(EXERCISE MATERIALS)

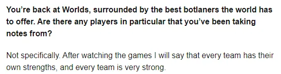 Q:你们再次打进世界赛,周围都是世界各地最好的下路选手,你有没有印象特别深刻的选手?
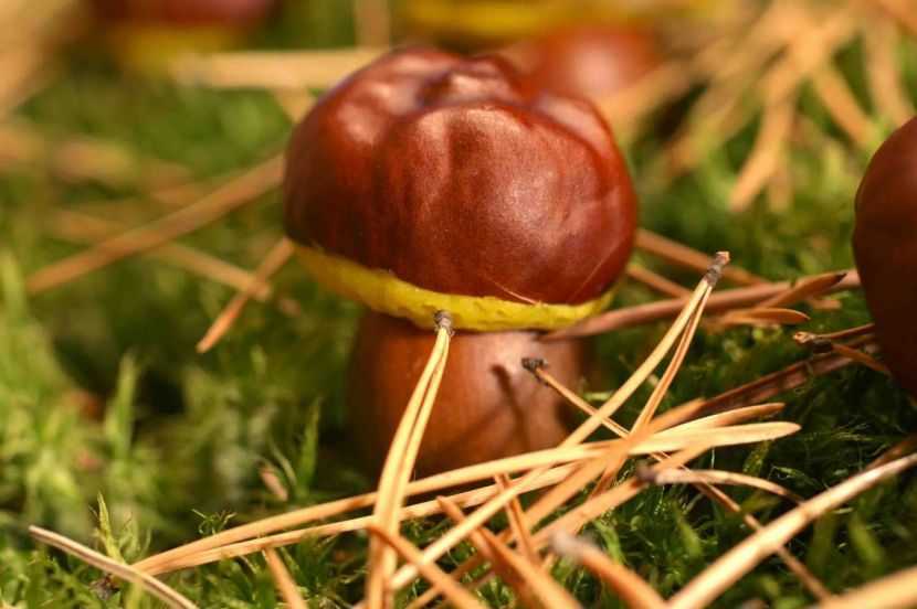 Ну и наконец еще одна несложная идея — это, конечно же, грибы из каштанов. С чем еще ассоциируется, как не с грибами, осенний лес? Стоит отметить, что каштаны — идеальный материал для из создания, и грибочки получаются действительно очень реалистичными.
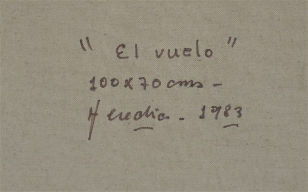Raul Heredia "El vuelo" 1983 olio su tela cm 70x100 firmato e datato in basso a
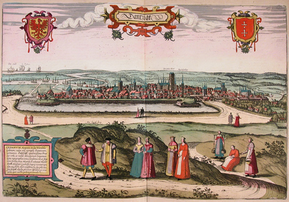La storia di DANZICA [qui sopra effigiata in Tav. 46 - Gedanum, Dantziat (Gdansk - Danzig - Danzica, Polonia) da BRAUN GEORG, Civitates orbis terrarum, Coloniae, Apud P. Gallaeum, Antuerpiae, 1572-1618. - Incisori: Franciscus Hohenbergius (Franz Hogenbergh?), Simon Van den Noevel detto Novellanus] è inseparabile da quella della Pomerania orientale.
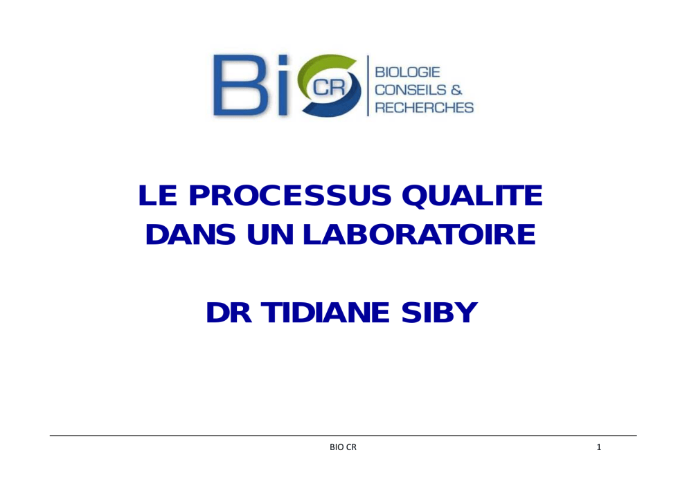 LE PROCESSUS QUALITE DANS UN LABORATOIRE DR TIDIANE SIBY BIO CR 1 LES SPECIFICITES DES LABORATOIRES DE BIOLOGIE MEDICALE ISO 15189 ACCREDITATION CERTIFICATION RECONNAISSANCE DE LA CONFORMITE D ’UN SYSTEME A UN REFERENTIEL (EX: ISO 9001) ACCREDITATION RECONNAISSANCE DE LA COMPETENCE ATTESTE PAR DES PAIRS (COMPETENCES EN TERMES ORGANISATIONNELS ET TECHNIQUES) (EX: ISO 15189) BIO CR AGREMENT RECONNAISSANCE DU RESPECT D ’UNE NORME OU REGLEMENT PAR LES POUVOIRS PUBLICS (EX: GBEA) 2 LES SPECIFICITES DES LABORATOIRES DE BIOLOGIE MEDICALE Approche processus Système organisé en processus interactifs dépendants les uns des autres dans une relation client / fournisseur interne et dont l'origine et l'aboutissement est le client externe. BIO CR 3 LES SPECIFICITES DES LABORATOIRES DE BIOLOGIE MEDICALE LES PROCESSUS OPERATIONNELS (CLES) Processus Pré analytique Processus Analytique Processus Post analytique LES PROCESSUS SUPPORTS Ressources Humaines, finances, maintenance, métrologie… BIO CR 4 LES SPECIFICITES DES LABORATOIRES DE BIOLOGIE MEDICALE Le pré analytique: Les conditions pré analytiques Le recueil de l’échantillon Le transport Le tri au laboratoire Le traitement et stockage pré analytique La gestion de l’information BIO CR 5 LES SPECIFICITES DES LABORATOIRES DE BIOLOGIE MEDICALE L’analytique: L’entretien et mise en route des appareils Le calibrage, Le contrôle Le passage des séries La validation technique L’entretien post-utilisation La gestion des pannes BIO CR 6 LES SPECIFICITES DES LABORATOIRES DE BIOLOGIE MEDICALE Le post analytique: La validation biologique La communication des résultats Le stockage des échantillons L’élimination des déchets BIO CR 7 ORGANISATION ET MANAGEMENT •Responsabilité de la direction du LABM pour la mise en œuvre, le maintien et l’amélioration du SMQ: Soutien à l’ensemble du personnel : mise à disposition de l’autorité et des ressources Mettre le personnel à l’abri des pressions ou influences internes ou externes (commerciales, financières ou autres) Politiques et procédures de confidentialité Politiques et procédures garantissant la confiance, l’impartialité, le jugement et l’intégrité opérationnelle BIO CR 8 ORGANISATION ET MANAGEMENT •Responsabilité de la direction du LABM pour la mise en œuvre, le maintien et l’amélioration du SMQ: Établissement de la structure organisationnelle et directionnelle du LABM Définition des responsabilités, autorités et interrelations pour l’ensemble du personnel Formation et encadrement (par des personnes compétentes) adéquats du personnel Mise en place d’un encadrement technique du LABM La nomination d’un Responsable Qualité La nomination de responsables adjoints pour toutes les fonctions clés BIO CR 9 SYSTEME DE MANAGEMENT DE LA QUALITE MAITRISE DES DOCUMENTS •Définir, documenter et mettre à jour les procédures de maîtrise de tous les documents et informations (de sources internes et externes): Revue et approbation des documents par le personnel habilité avant diffusion Tenue d’une liste ou d’un registre de contrôle des documents identifiant les versions valides Disponibilité sur les lieux d’utilisation des versions autorisées des documents appropriés Revue périodique des documents Retrait immédiat des documents obsolètes BIO CR 10 SYSTEME DE MANAGEMENT DE LA QUALITE MAITRISE DES DOCUMENTS •Définir, documenter et mettre à jour les procédures de maîtrise de tous les documents et informations (de sources internes et externes): Identification adéquate des documents périmés conservés ou archivés Maîtrise des modifications manuscrites de documents (si le SMQ du LABM le permet) Contrôle des modifications effectuées sur support informatique Identification des documents du SMQ de manière univoque (titre, date d’édition ou de révision, numéro de révision, nombre de pages, autorité responsable de l’édition, identification des sources) BIO CR 11 SYSTEME DE MANAGEMENT DE LA QUALITE Prestation de conseils Les biologistes doivent conseiller les prestataires en matière de choix des analyses et d'utilisations des prestations du laboratoire Il convient que les biologistes participent à des rencontres scientifiques portant sur les prestations du laboratoire et la délivrance de conseils Qu’ils participent à des visites médicales leur permettant ainsi de proposer des conseils… BIO CR 12 SYSTEME DE MANAGEMENT DE LA QUALITE Amélioration continue (PDCA) Non conformités Réclamations Retour d’informations Audits Internes Actions correctives et préventives Mise en place d’indicateurs qualité surveiller et d’évaluer BIO CR 13 SYSTEME DE MANAGEMENT DE LA QUALITE Audits internes • Audits internes de tous les éléments du SMQ, qualité et techniques • Fréquence annuelle • Personnel qualifié et indépendant • Avec un auditeur extérieur, contrat de prestation et équipe d’audit ‘mixte’ SYSTEME DE MANAGEMENT DE LA QUALITE Revue de direction • Fréquence: 1 fois par an minimum • Ordre du jour: plusieurs points • Les conclusions de la revue et les mesures prises doivent être communiquées au personnel du laboratoire. BIO CR 15 LES EXIGENCES TECHNIQUES Méthode des 5 « M » Main d’œuvre (personnel) Méthode Méthode (technique) Moyen ou matériel (instrument de mesure, automate) Matière (échantillon) Milieu (environnement) Diagramme d’ISHIKAWA BIO CR 16 LES EXIGENCES TECHNIQUES Diagramme d’ISHIKAWA Main d’œuvre PERSONNEL Matériel AUTOMATE Mesurande Résultat Méthode TECHNIQUE Milieu Matière BIO CR Environnement 17 LES EXIGENCES TECHNIQUES PERSONNEL Main d’oeuvre Matériel AUTOMATE Résultat Mesurande Méthode TECHNIQUE Matière BIO CR Milieu Environnement 18 LES EXIGENCES TECHNIQUES Le personnel un organigramme Une politique des ressources humaines des définitions de fonctions avec les qualifications et les responsabilités pour chaque catégorie de personnel BIO CR 19 LES 
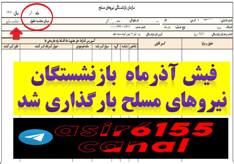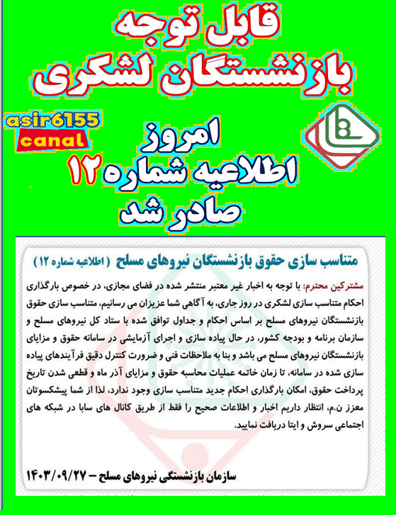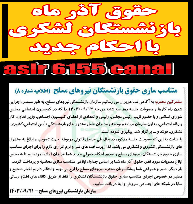 #اطلاعیه با توجه به ابهامات زیاد شما عزیزان اطلاعیه شماره ۱۴ سازمان بازنشستگی نیروهای مسلح با موضوع تشریح جزئیات بیشتری از ارتباط ترمیم حقوق بهمن ۱۴۰۲ و متناسب سازی آذر ۱۴۰۳ در ساعت ۱۴:۰۰ روزشنبه مورخه ۱۴۰۳/۱۰/۰۱ در کانال های سروش و ایتای سابا بارگذاری خواهد شد  [ جمعه ۳۰ آذر ۱۴۰۳ ]  [ 8:34 PM ]  [ اسیر6155 ]
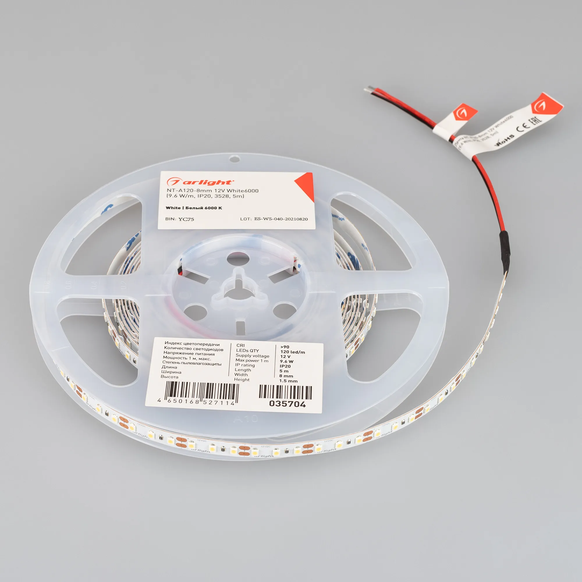 Лента светодиодная NT-A120-8mm 12V White6000 (9.6 W/m, IP20, 3528, 5m) (Arlight, Открытый)
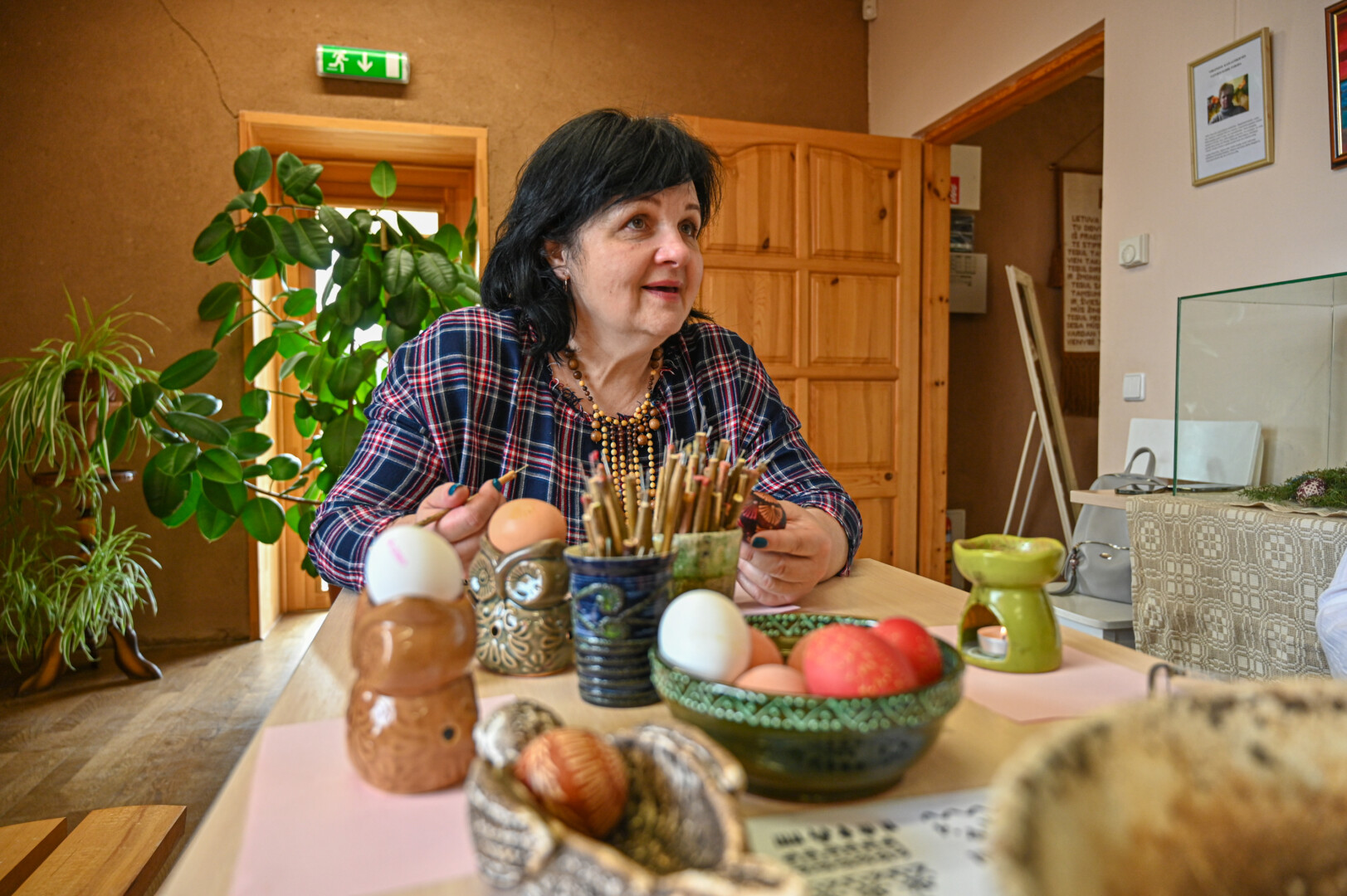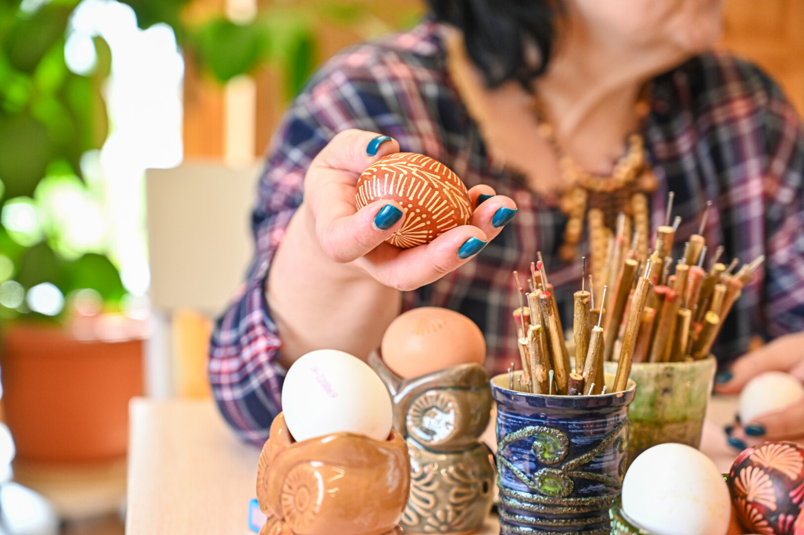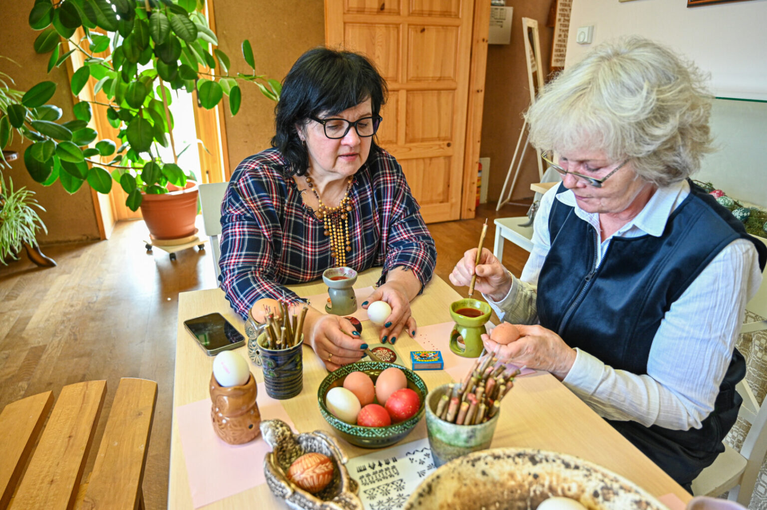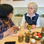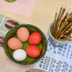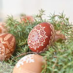 „Mano labai mėgstamas būdas. Kai margini vašku, aiškiai matai, koks raštas, o dažant su augaliukais – netikėtumas, kaip atrodys, kai išimsi“, – velykinės staigmenos ir šįmet laukia A. Sidorovienė.
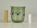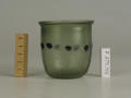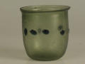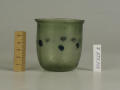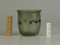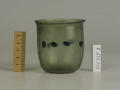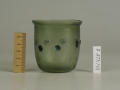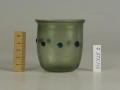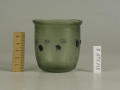 Додаток до назва (лист, ...): Циліндрична зі злегка відігнутим краєм і заокругленим денцем. У центрі оперезаний рядком наварених крупних горошин синього, прозорого скла./Кількість: 1/Старі документи прийому: старі документи прийому у чинній інвентарній книзі не вказані/Опис: Циліндрична зі злегка відігнутим краєм і заокругленим денцем. У центрі оперезаний рядком наварених крупних горошин синього, прозорого скла.
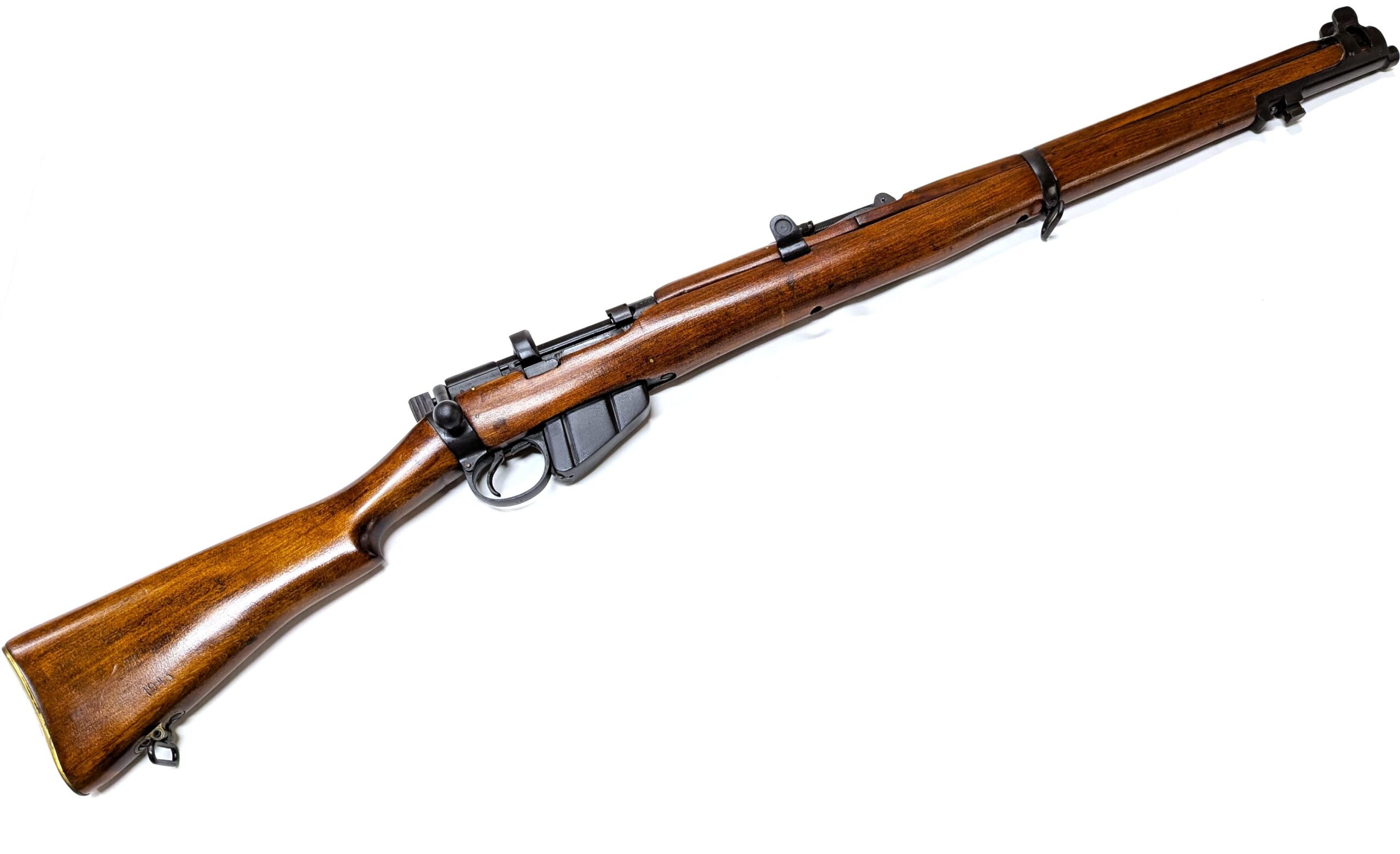 WW2 Australian 1942 dated, inert/deactivated Lee Enfield No.1, Mk.3 rifle by Lithgow Small Arms. An excellent example of this iconic service rifle, which has been deactivated for display. Marked ‘MA S.M.L.E. III 1942' to sleeve. The bolt is fixed, working trigger and removeable magazine. Serial numbers to various parts are matching. Overall, an excellent display piece. Note: No licence required in W.A. JB Military Antiques can ship this lot within Australia, Bidders from outside of Australia must arrange for collection and shipping of this lot.

(PROBLEM DETAILS) Hand back the exact lines from the start of the entries to the line with "datato in basso a", both ends kept and pictures left out.

(TASK SOLUTION)
 Q:你们再次打进世界赛,周围都是世界各地最好的下路选手,你有没有印象特别深刻的选手?
 Ну и наконец еще одна несложная идея — это, конечно же, грибы из каштанов. С чем еще ассоциируется, как не с грибами, осенний лес? Стоит отметить, что каштаны — идеальный материал для из создания, и грибочки получаются действительно очень реалистичными.
Raul Heredia "El vuelo" 1983 olio su tela cm 70x100 firmato e datato in basso a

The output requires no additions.